To advance AI reasoning, study computational argumentation
I argue that AI development could benefit by learning from the body of work in computational argumentation.
In the core of the so-called intelligence lies reasoning. Types of reasoning can be broadly classified into two classes: formal and informal. Formal reasoning is the driving tool of maths and the natural sciences. Informal reasoning, on the other hand, facilitates fuzzy interactions among humans. In formal reasoning, you are concerned with proofs and the like. So what are you concerned in informal reasoning? Argumentation.
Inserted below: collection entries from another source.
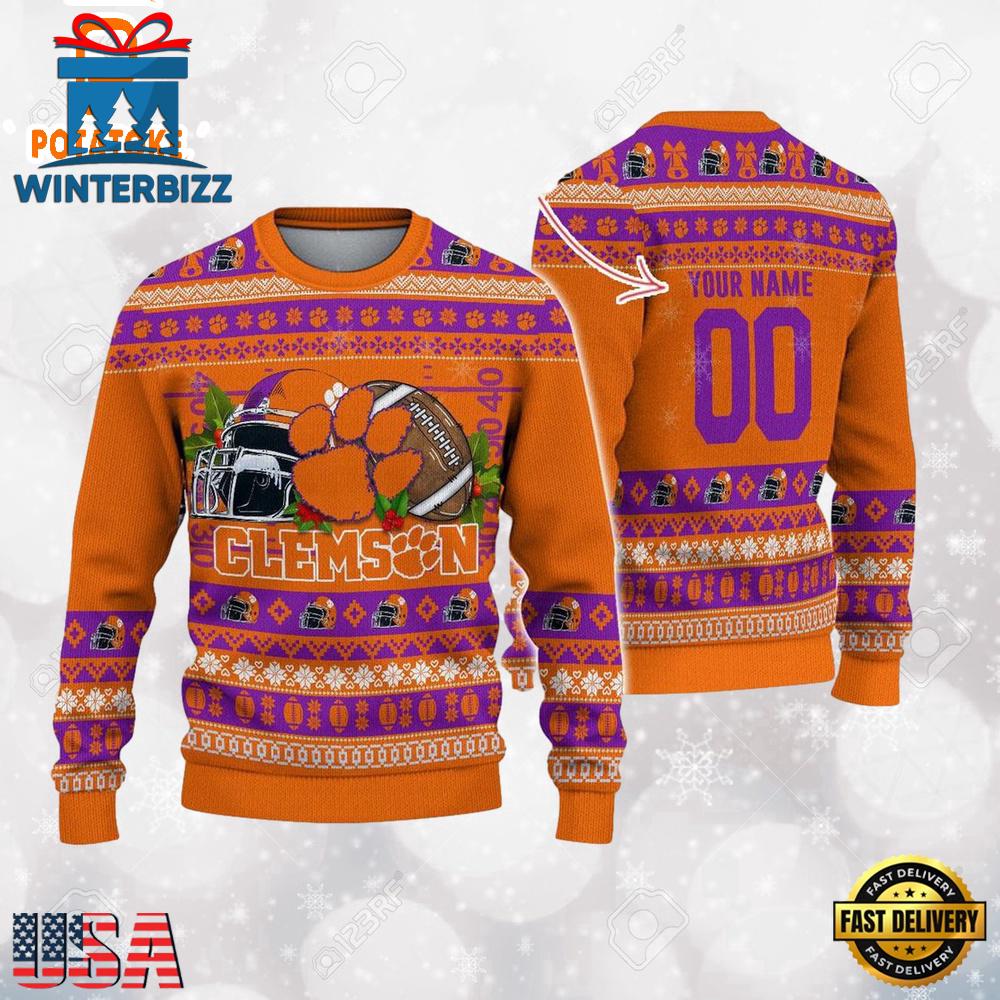 Clemson Tigers Logo Football NCAA Ugly Christmas Sweater , NCAA Christmas Sweaters is a Christmas sweater with funny, humorous, and quirky patterns. It will be a meaningful gift for you to show your love and care for your loved ones.
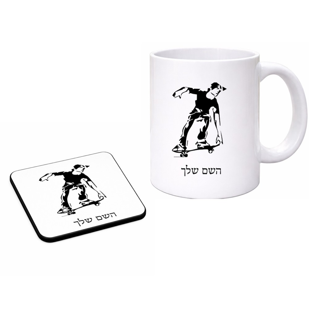 ספל תה \ קפה + תחתית מרובעת בעיצוב אישי עם השם שלך בעיצוב ילד סקייטבורד גודל הספל 325 מ"ל, הספל בעלת ידית לאחיזה יציבה, תחתית מעוצבת בגודל 9 × 9 ס"מ. את השם המבוקש ניתן לציין בהזמנה, אם לא צויין אנחנו ניצור קשר לבירור.
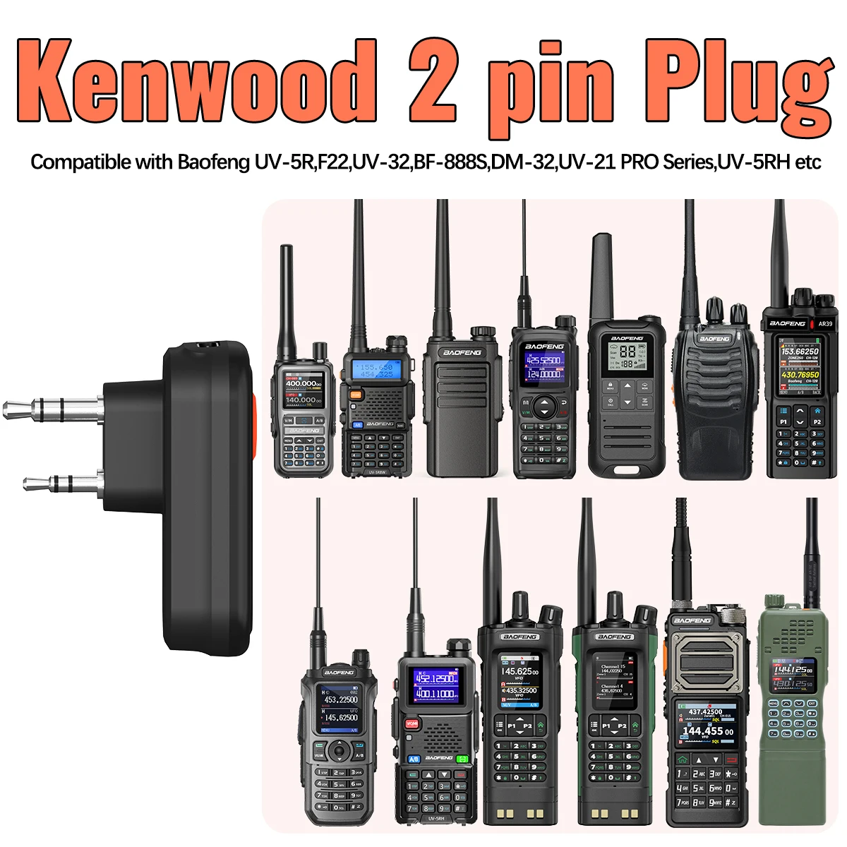Compatible con la serie Baofeng UV5R UV-82 BF-888S Retevis H-777 RT22 RT21 Woxun Kenwood radio de 2 pines,Quansheng UV K5 (8) UV 5R Plus K6 etc.
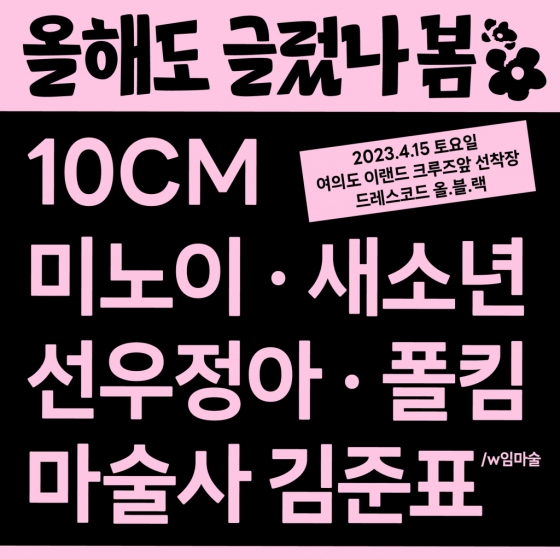 이번 행사의 주최 및 주관사 매직스트로베리 사운드는 10일 10CM 공식 SNS에 '올해도 글렀나봄'의 2023년 라인업 이미지를 공개했다. 오는 15일 오후 1시 30분 서울 여의도의 이랜드 크루즈 선착장 앞에서 무료 버스킹을 진행한다는 소식까지 밝혀 팬들의 뜨거운 관심이 집중됐다.
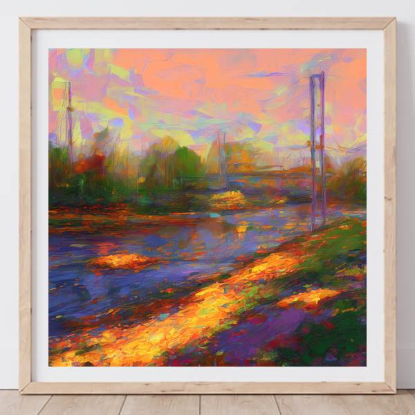 AI アートでは通常 A6 サイズ相当くらい (縦横 500〜1000 ピクセルくらい) の荒い画像しかつくれないので,超解像という技術をつかって原画より解像度を 4〜8 倍に (こまかく) しています. ただし,上の商品画像の解像度は原画と同程度なのでご注意ください.
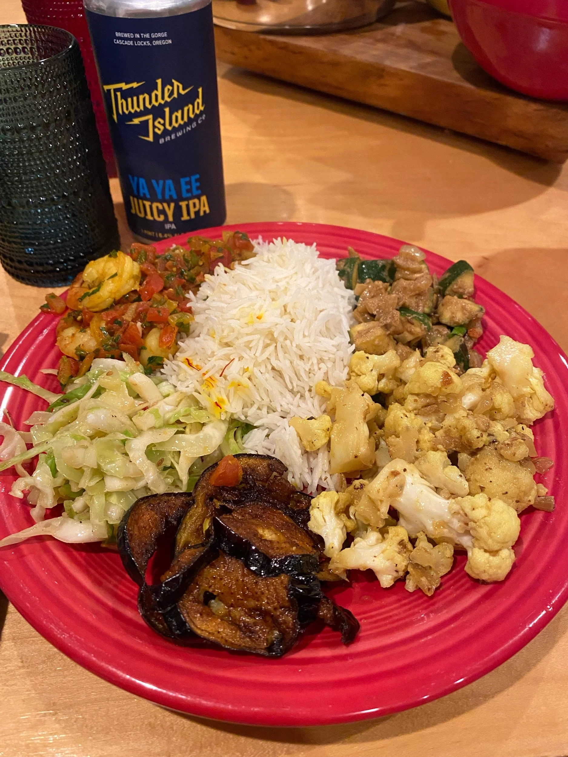 Cabbage with garlic and Bengali spices: this recipe called for ghee, which we bought because we don’t usually stock. It tasted great.
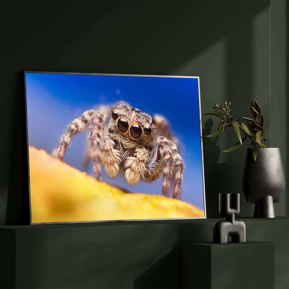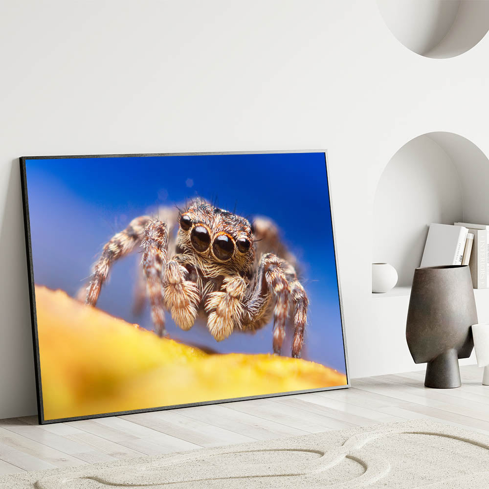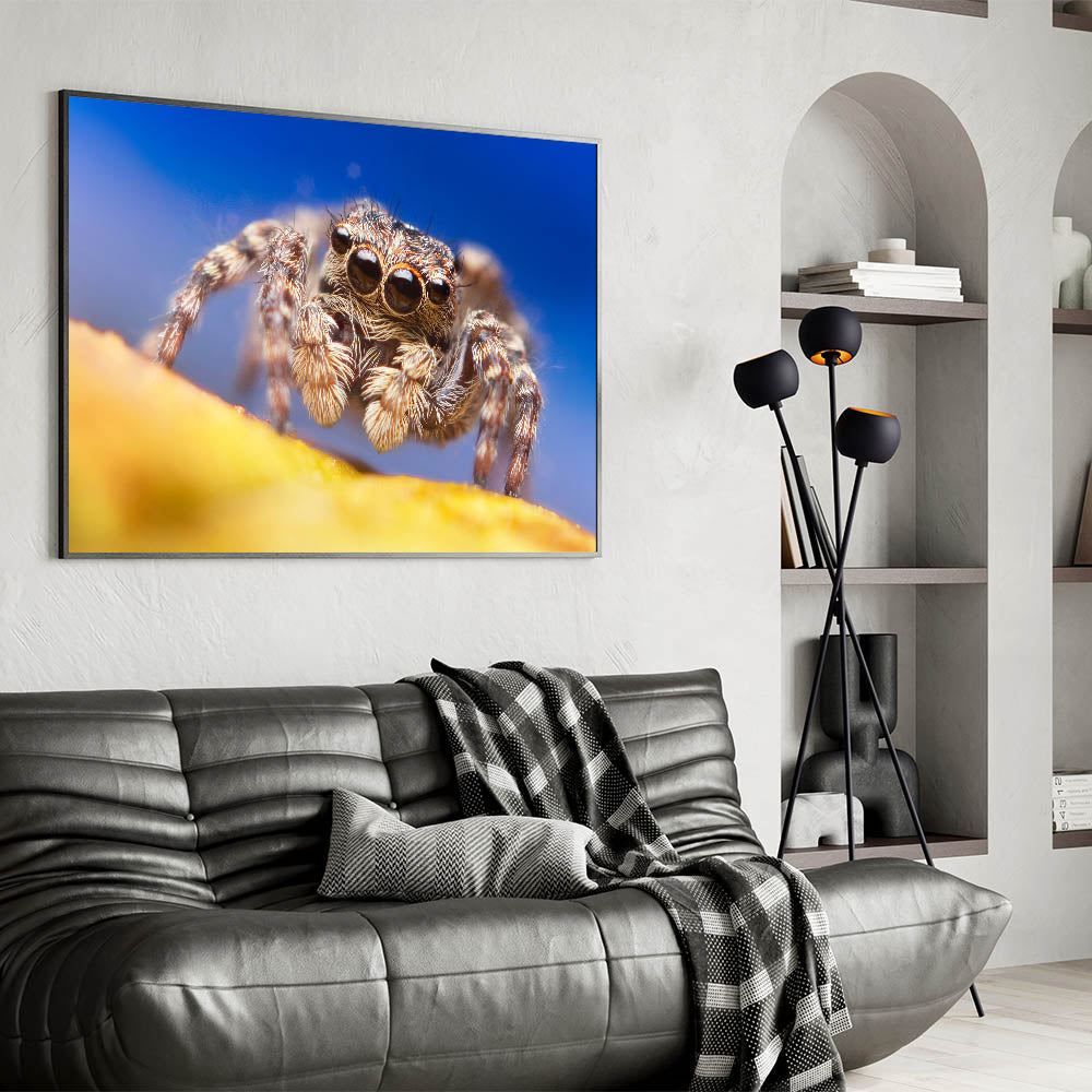 Immerse yourself in the vibrant world of arachnids with this stunning spider wall art. This piece is perfect for those who appreciate the beauty of nature's smallest creatures, capturing the spider in vivid detail against a bold blue background.
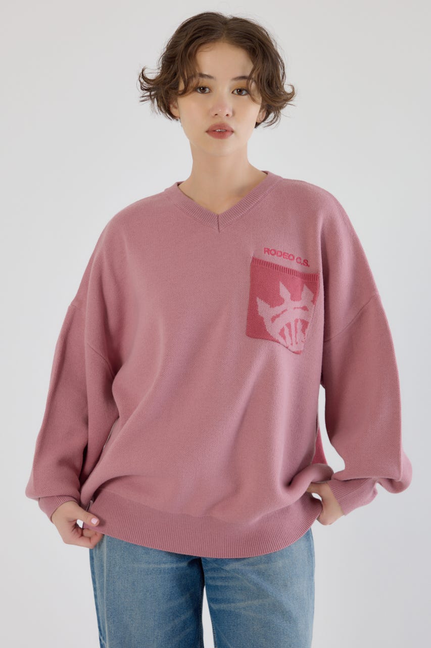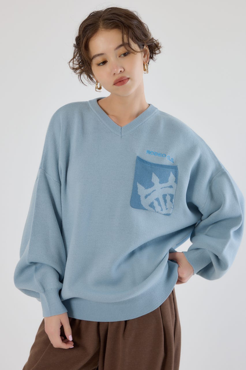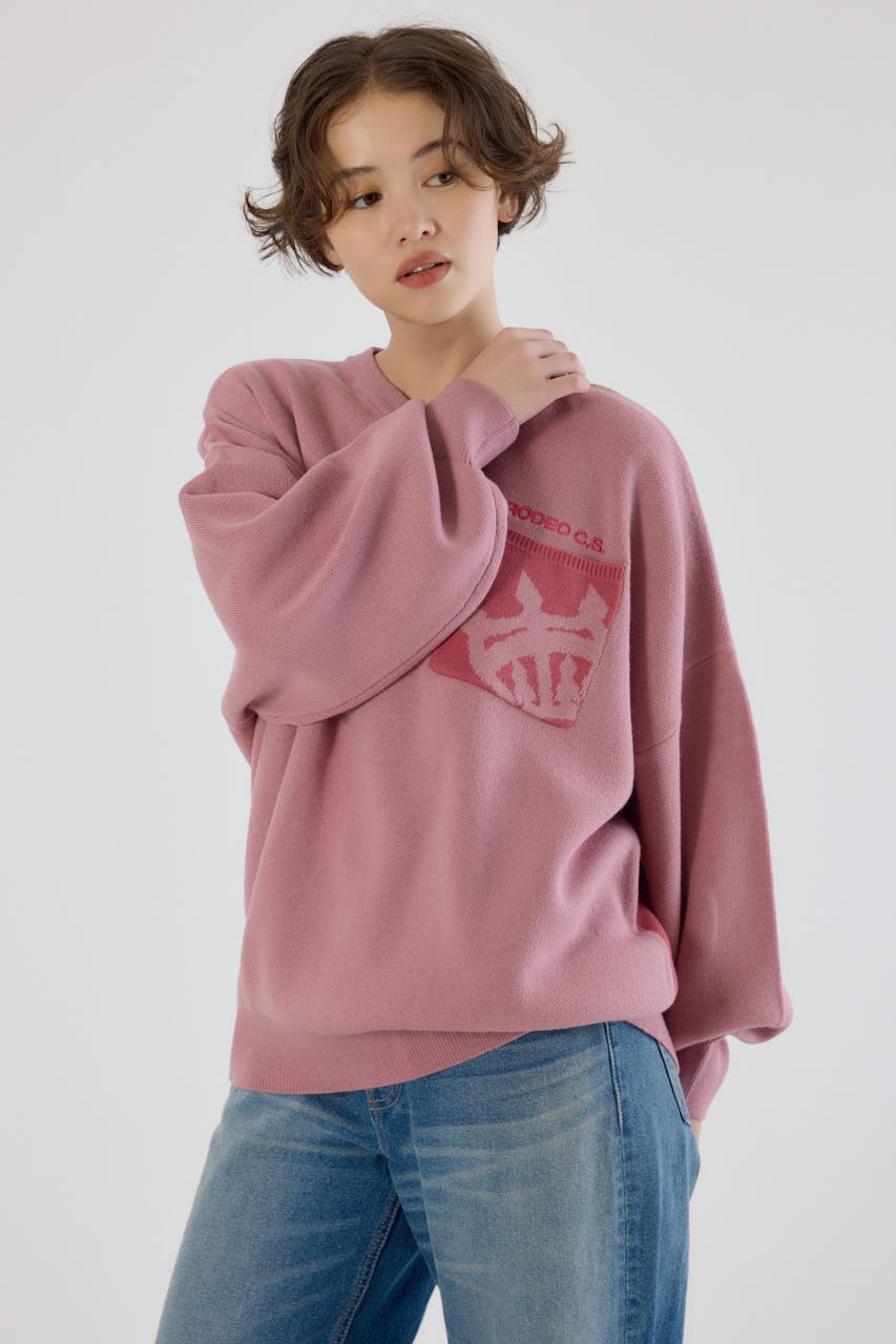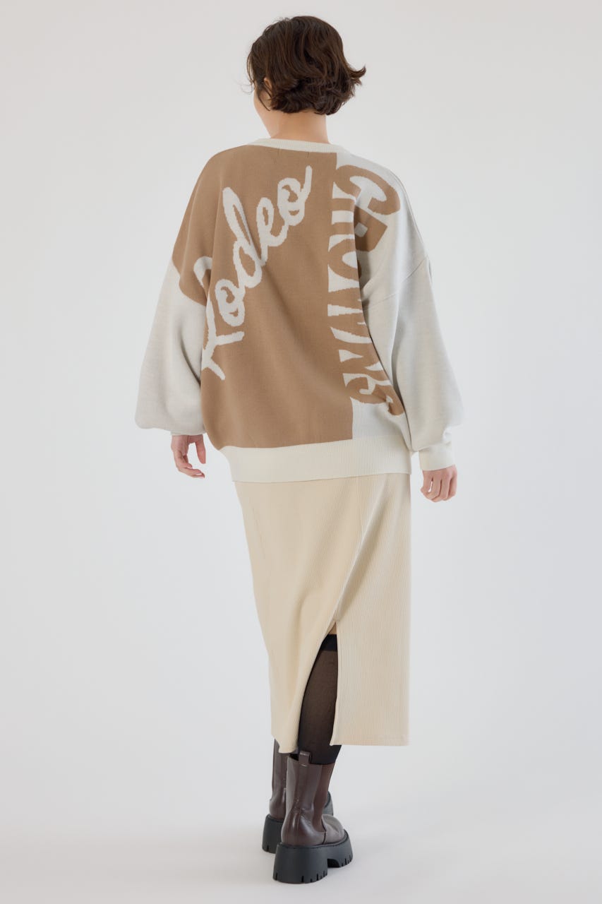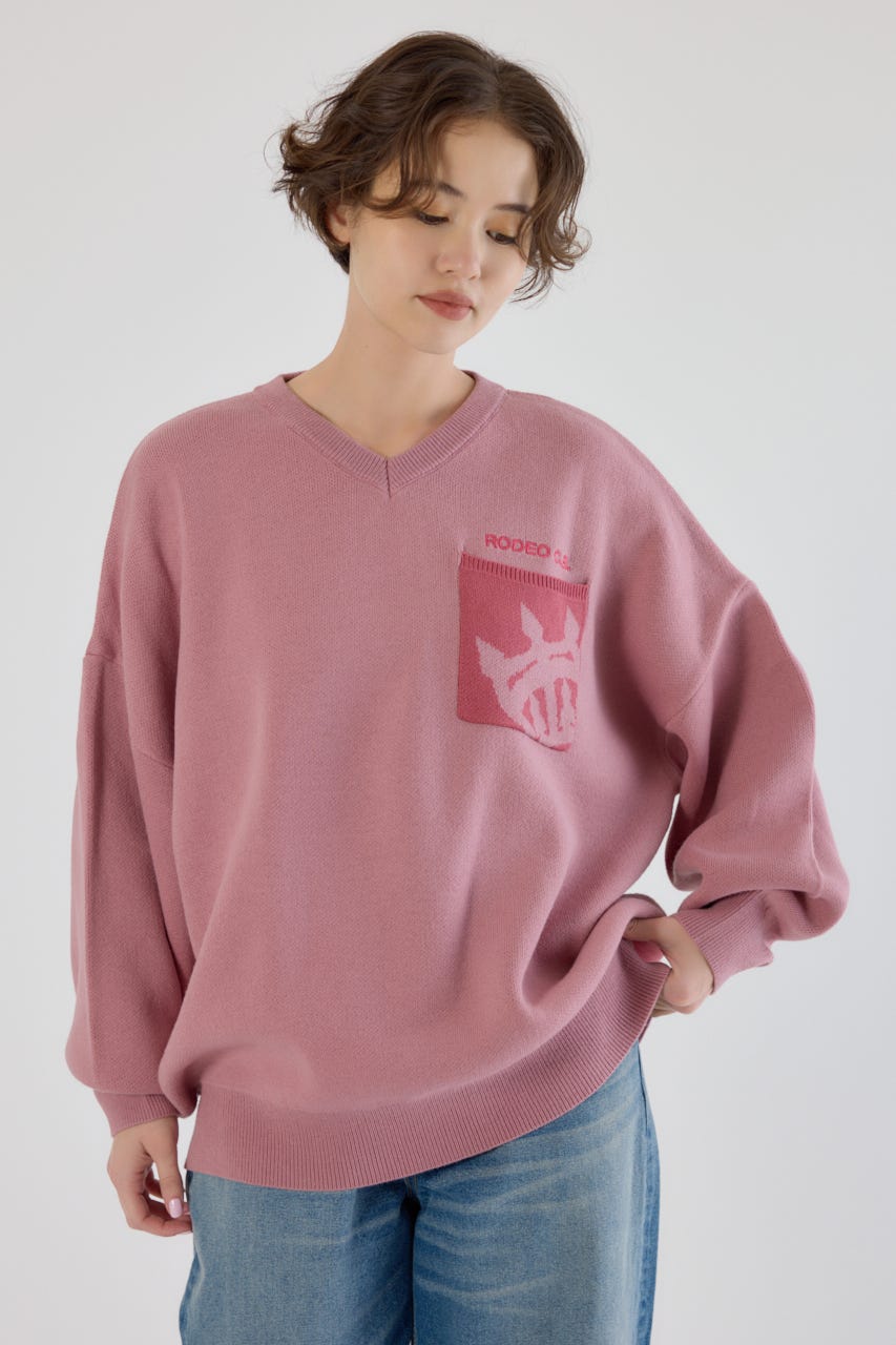 フロントには配色のポケット、バックは大胆なバイカラー仕様がRODEOらしいこだわりのニットトップスです。
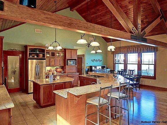 Enjoy magnificent Hudson River views in this artfully elegant home offering the finest in luxurious comfort and serenity while only 90 minutes from NYC. Watch Hot Air Balloons, Fireworks, and Sail Boats float by while relaxing on the enormous sundeck overlooking the river in this custom Arts & Crafts Contemporary. Close to the village shops and restaurants, 10 minutes to Metro North and a short ride to many outdoor adventures such as rock climbing and mountain biking, this River oasis is perfectly situated for any lifestyle. Entertain your family and friends in the expansive 30 x 40 foot Great Room with 16ft high wood ceiling, structural hand stained wooden beams, fireplace and stained glass lighting. Enjoy cooking and spending family time in the gorgeous gourmet custom cherry kitchen which has 2 ovens and a 5 burner cook-top, microwave, dishwasher, center island with 2nd sink, counter seating for 7, and granite countertops. The open dining area allows for plenty of seating with clear Hudson River views. Relax in the master suite featuring river views from two directions, gas fireplace, luxurious soaking tub, double vanities, heated shower, walk in closets and dressing room. There are 6 additional rooms: 3 bedrooms all with on suites as well as an office and a bonus room which could be use as a 5th guest bedroom, game room, sewing room or additional office. If that wasn't enough space, consider enjoying your evenings watching movies or listening to music in the large family room with fireplace, river views and French doors out to the garden area. On top of the 4947 square foot house, the property also features a 3 car garage for the auto enthusiast. One a the few homes that offers Hudson River views from every room, a peaceful and serene setting while conveniently located to commuter trains, the thruway, local village life and the great outdoors of the Hudson Valley.
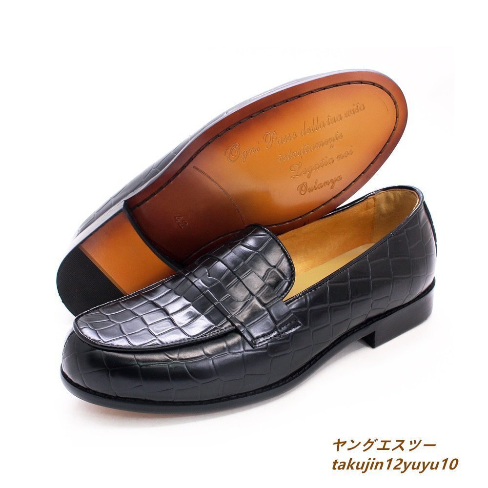 - 定価8万★最高級 ローファー スリッポン 本革 ビジネスシューズ 鰐柄 職人手作り 本革 紳士靴 レザーシューズ 牛革 革靴 ブラック 28.0cm

The study of argumentation can be traced back to the Greek philosophers like Aristotle and Socrates, one of which is attributed for the famous syllogy that “All men are mortal. Socrates are a man. Therefore, Socrates are mortal.” Modern argumentation seems to have converged on the theory by Stephen Toulmin in his 1958 book “The Uses of Argument”. The book seems to have proposed the vocabulary to talk about an argument, including its components and their relations.
With the invention language technologies, computers have been more capable of processing human arguments. Like the processing of anything, argumentation processing contains two main problem classes: argument understanding and argument generation.
- For understanding, given an argumentative document, a computer can restate the topic, the stance, and even recover the entire argument’s structure in a graph following Toulmin’s model.
- For generation, a computer can sometimes convince humans completely in a debate. Such a system was developed by IBM. On the importance of this technology, Geofrey Hinton once said in a panel discussion1 roughly that, a more productive standard for AGI is whether an AI can convincingly wins a human in a debate.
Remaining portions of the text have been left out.